■ Aim of the exercise ■
Exact copy, pictures excluded: print the lines from the one with "どちらも食べたい日に、ちょうどいい一折です。 気取らないけれど、しっかり満足できるお弁当です。 ぜひお試しください。" through the final line of the records.

Data items:
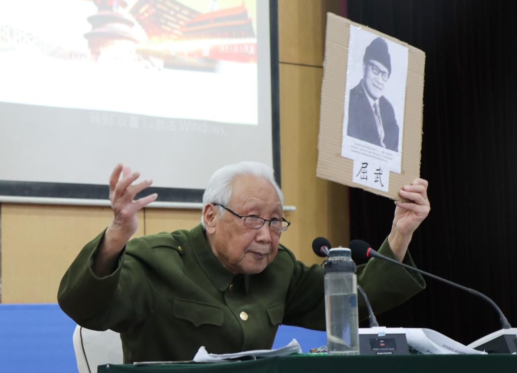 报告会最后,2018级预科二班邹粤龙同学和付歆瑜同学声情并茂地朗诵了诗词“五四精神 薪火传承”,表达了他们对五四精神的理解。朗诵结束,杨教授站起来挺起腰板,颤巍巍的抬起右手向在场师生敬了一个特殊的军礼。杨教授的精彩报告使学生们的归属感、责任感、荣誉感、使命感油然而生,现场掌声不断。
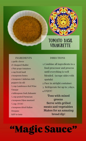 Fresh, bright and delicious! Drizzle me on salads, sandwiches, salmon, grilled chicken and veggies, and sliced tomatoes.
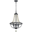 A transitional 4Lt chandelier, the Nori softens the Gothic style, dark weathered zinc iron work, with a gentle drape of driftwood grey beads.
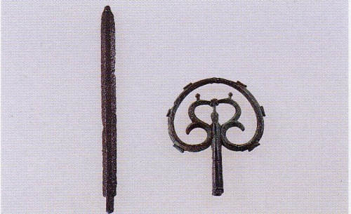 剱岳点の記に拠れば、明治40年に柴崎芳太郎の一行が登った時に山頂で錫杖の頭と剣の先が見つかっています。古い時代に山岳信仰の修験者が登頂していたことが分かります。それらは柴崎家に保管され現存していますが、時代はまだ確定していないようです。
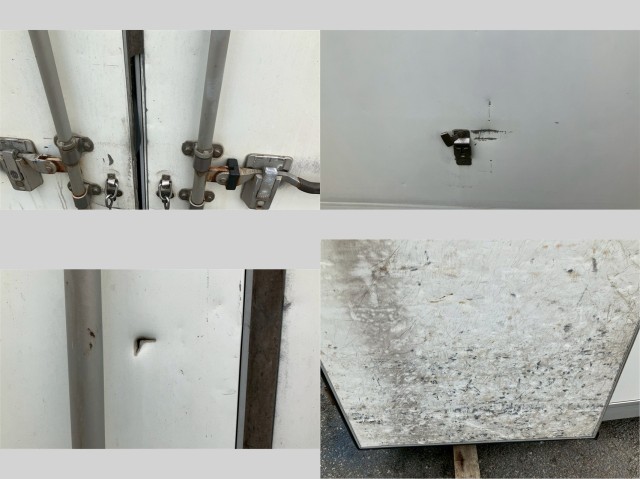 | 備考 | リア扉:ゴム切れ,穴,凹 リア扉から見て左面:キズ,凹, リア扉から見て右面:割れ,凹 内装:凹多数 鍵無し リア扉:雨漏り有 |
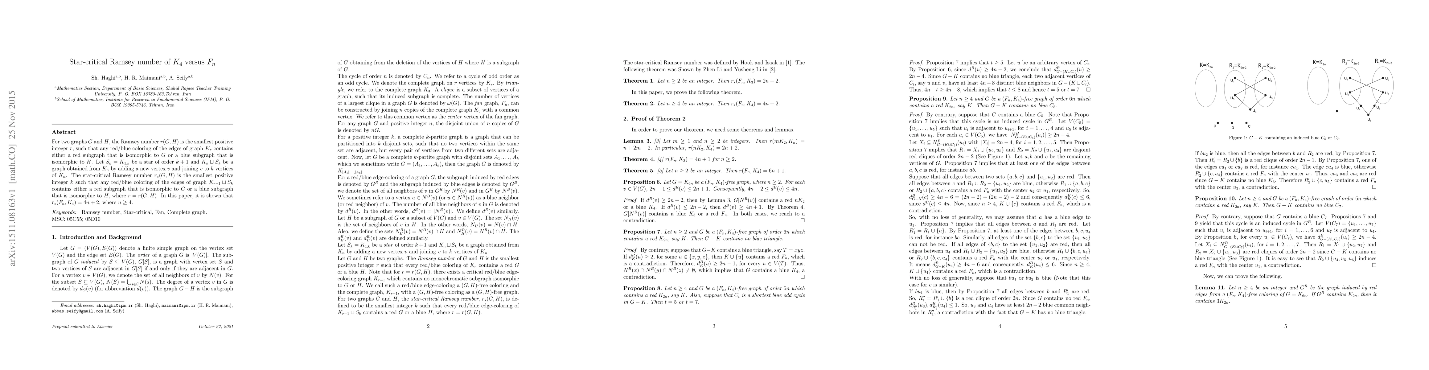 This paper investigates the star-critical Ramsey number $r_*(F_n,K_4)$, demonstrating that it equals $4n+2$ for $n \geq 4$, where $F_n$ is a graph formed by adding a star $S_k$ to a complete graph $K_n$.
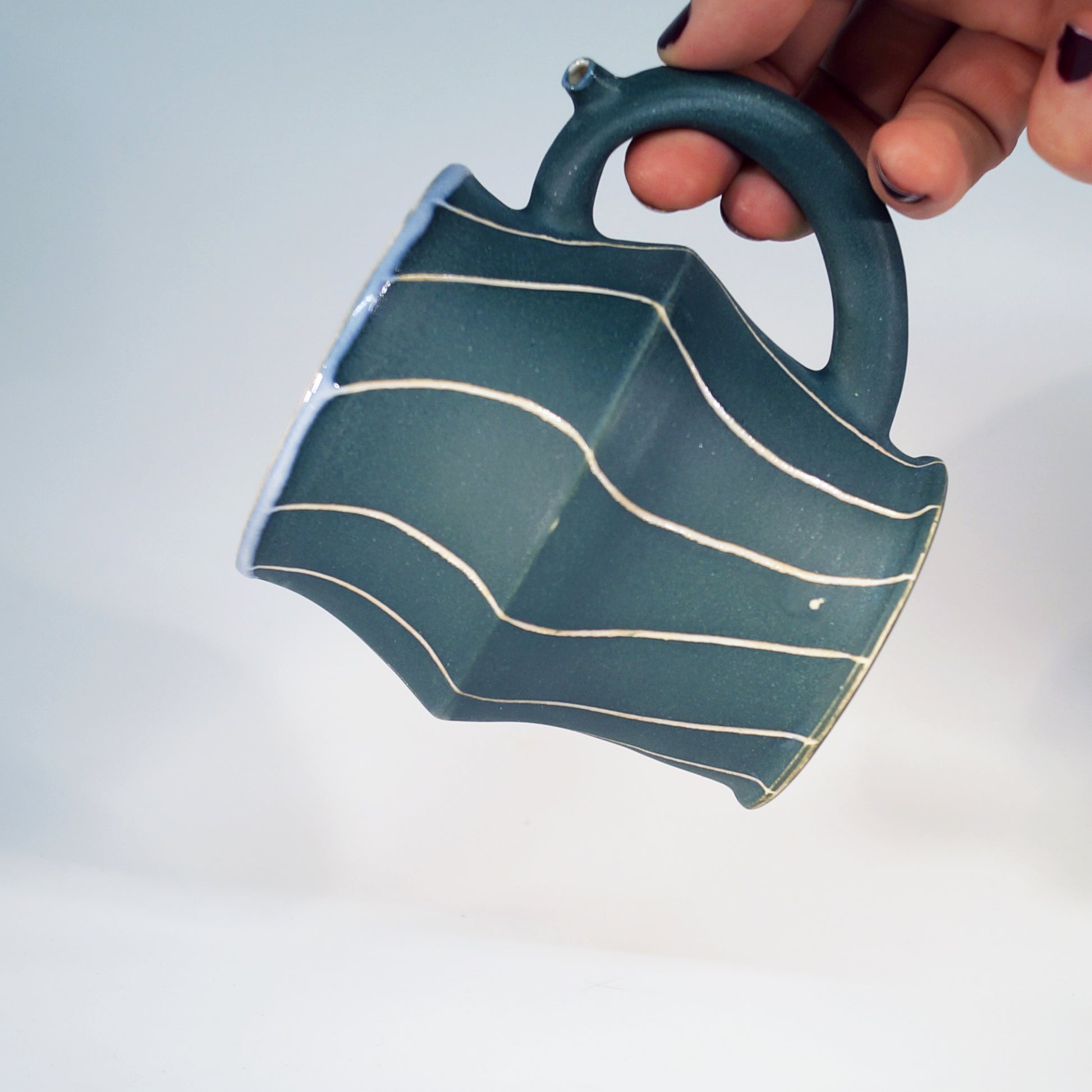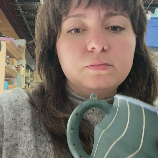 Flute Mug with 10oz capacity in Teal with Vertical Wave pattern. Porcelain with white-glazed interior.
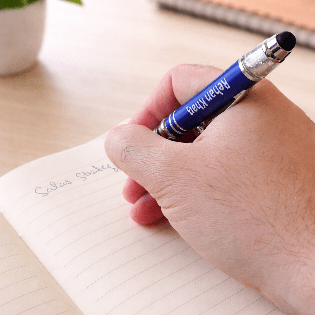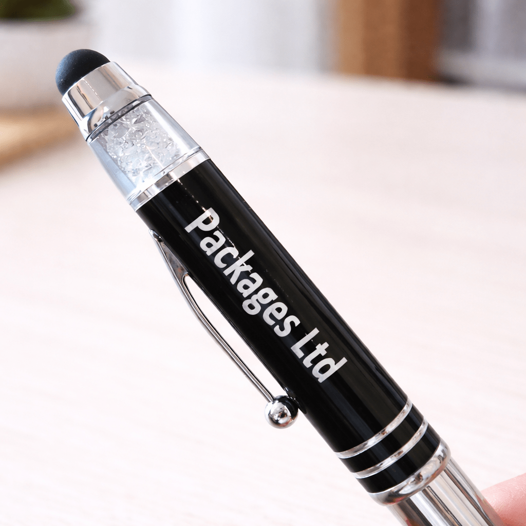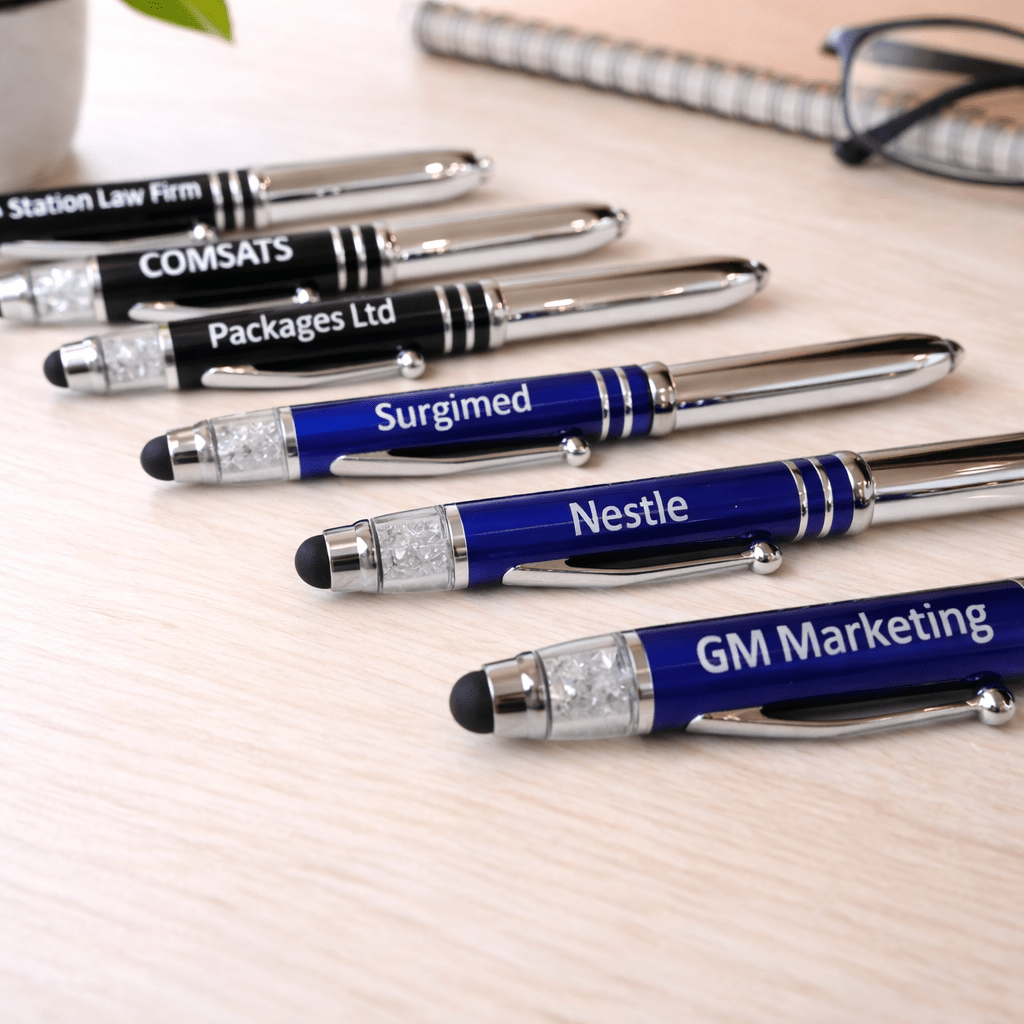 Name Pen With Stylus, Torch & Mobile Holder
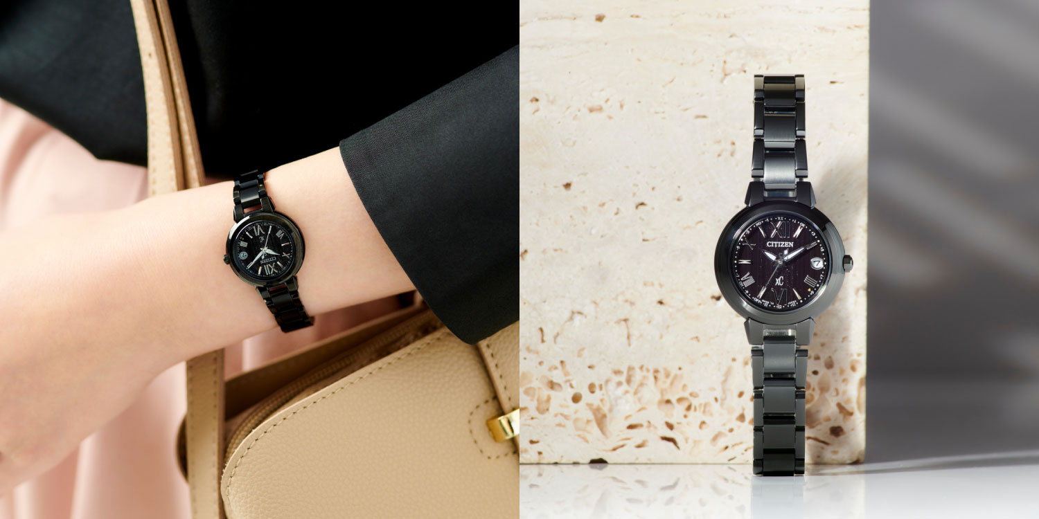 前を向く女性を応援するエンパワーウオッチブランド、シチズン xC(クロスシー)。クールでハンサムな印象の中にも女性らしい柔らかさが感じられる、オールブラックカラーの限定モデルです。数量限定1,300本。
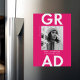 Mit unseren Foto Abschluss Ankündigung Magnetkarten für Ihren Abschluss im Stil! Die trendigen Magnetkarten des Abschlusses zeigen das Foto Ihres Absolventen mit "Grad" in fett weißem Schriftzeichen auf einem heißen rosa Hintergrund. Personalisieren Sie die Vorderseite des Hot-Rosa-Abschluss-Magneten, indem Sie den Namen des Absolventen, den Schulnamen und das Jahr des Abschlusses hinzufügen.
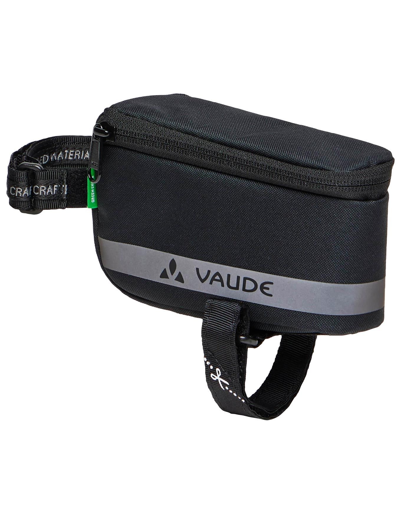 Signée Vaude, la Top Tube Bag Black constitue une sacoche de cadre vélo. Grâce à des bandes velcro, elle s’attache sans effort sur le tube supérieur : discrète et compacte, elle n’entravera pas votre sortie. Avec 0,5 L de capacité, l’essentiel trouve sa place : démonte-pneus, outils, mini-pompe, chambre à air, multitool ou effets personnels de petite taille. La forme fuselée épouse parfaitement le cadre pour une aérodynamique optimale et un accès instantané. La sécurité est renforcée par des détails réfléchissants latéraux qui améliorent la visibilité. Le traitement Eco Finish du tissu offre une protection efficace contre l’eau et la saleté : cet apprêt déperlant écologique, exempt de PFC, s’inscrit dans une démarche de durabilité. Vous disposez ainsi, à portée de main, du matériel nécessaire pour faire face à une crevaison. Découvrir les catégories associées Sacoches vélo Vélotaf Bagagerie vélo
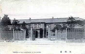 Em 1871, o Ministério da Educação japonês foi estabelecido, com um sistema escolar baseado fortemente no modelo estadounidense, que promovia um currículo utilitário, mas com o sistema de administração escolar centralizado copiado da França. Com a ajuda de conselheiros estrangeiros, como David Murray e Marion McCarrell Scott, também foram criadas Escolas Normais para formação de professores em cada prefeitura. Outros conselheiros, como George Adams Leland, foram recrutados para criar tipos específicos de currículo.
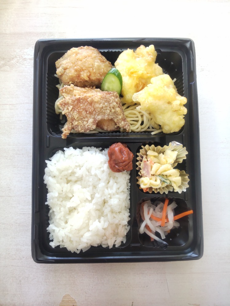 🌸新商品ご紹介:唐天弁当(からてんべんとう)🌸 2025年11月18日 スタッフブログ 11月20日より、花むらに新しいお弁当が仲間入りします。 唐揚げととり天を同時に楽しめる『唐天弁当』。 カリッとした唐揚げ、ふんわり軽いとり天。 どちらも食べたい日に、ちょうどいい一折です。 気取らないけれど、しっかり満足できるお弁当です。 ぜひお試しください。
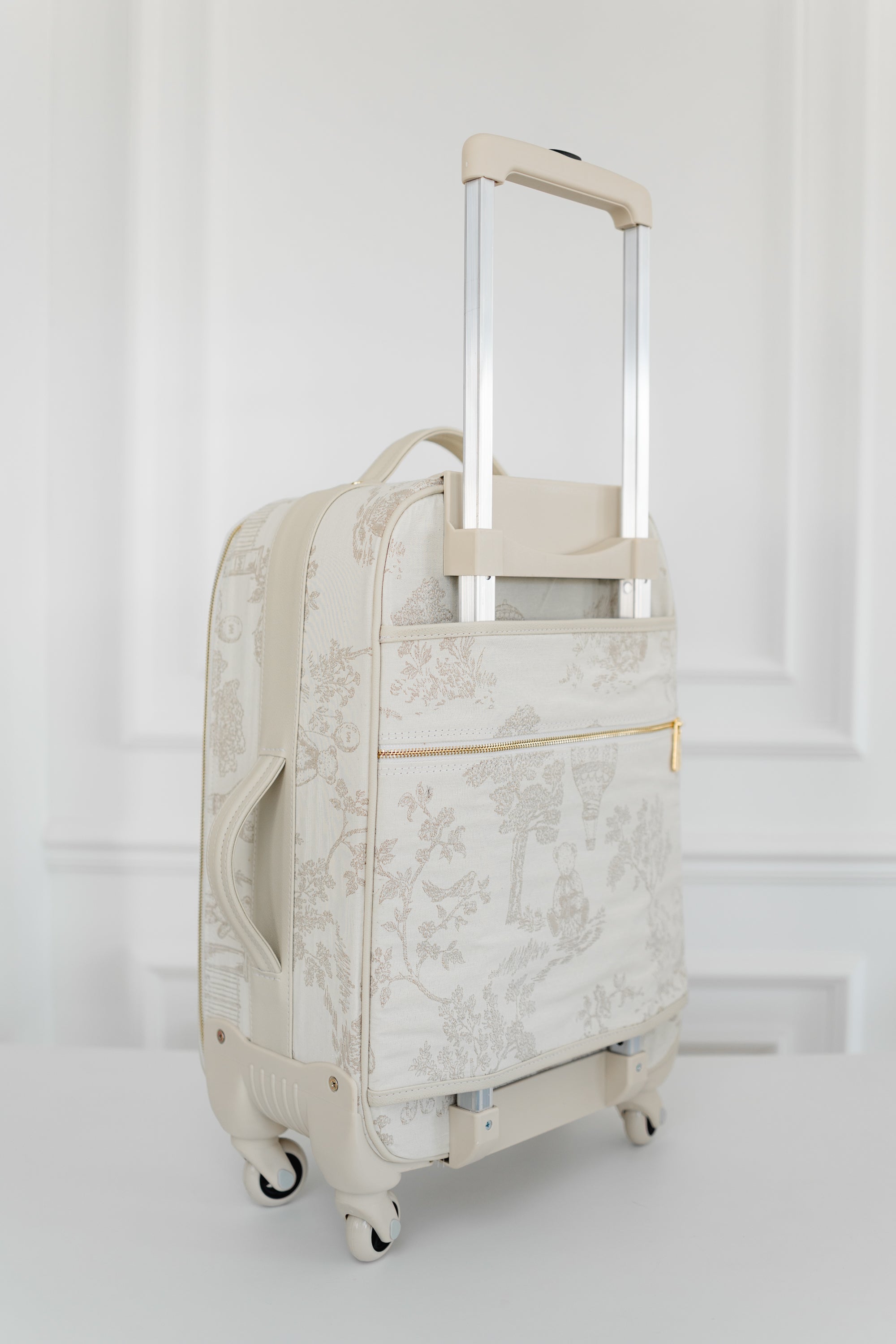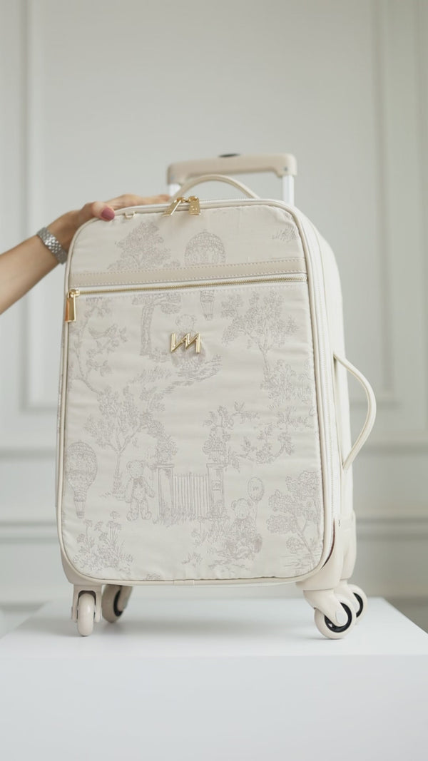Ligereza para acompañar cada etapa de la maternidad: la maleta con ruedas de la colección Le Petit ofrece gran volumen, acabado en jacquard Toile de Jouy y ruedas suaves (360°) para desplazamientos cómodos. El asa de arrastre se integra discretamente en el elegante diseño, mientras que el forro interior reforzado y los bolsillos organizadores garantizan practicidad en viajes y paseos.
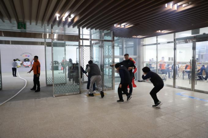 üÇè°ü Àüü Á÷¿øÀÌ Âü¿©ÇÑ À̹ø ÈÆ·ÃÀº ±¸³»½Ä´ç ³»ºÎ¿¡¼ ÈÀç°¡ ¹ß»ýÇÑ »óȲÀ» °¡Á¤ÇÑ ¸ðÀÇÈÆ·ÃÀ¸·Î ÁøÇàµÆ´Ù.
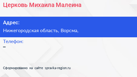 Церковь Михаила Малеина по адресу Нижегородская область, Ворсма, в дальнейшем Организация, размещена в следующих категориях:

■ Task output ■
 🌸新商品ご紹介:唐天弁当(からてんべんとう)🌸 2025年11月18日 スタッフブログ 11月20日より、花むらに新しいお弁当が仲間入りします。 唐揚げととり天を同時に楽しめる『唐天弁当』。 カリッとした唐揚げ、ふんわり軽いとり天。 どちらも食べたい日に、ちょうどいい一折です。 気取らないけれど、しっかり満足できるお弁当です。 ぜひお試しください。
Ligereza para acompañar cada etapa de la maternidad: la maleta con ruedas de la colección Le Petit ofrece gran volumen, acabado en jacquard Toile de Jouy y ruedas suaves (360°) para desplazamientos cómodos. El asa de arrastre se integra discretamente en el elegante diseño, mientras que el forro interior reforzado y los bolsillos organizadores garantizan practicidad en viajes y paseos.
 üÇè°ü Àüü Á÷¿øÀÌ Âü¿©ÇÑ À̹ø ÈÆ·ÃÀº ±¸³»½Ä´ç ³»ºÎ¿¡¼ ÈÀç°¡ ¹ß»ýÇÑ »óȲÀ» °¡Á¤ÇÑ ¸ðÀÇÈÆ·ÃÀ¸·Î ÁøÇàµÆ´Ù.
 Церковь Михаила Малеина по адресу Нижегородская область, Ворсма, в дальнейшем Организация, размещена в следующих категориях:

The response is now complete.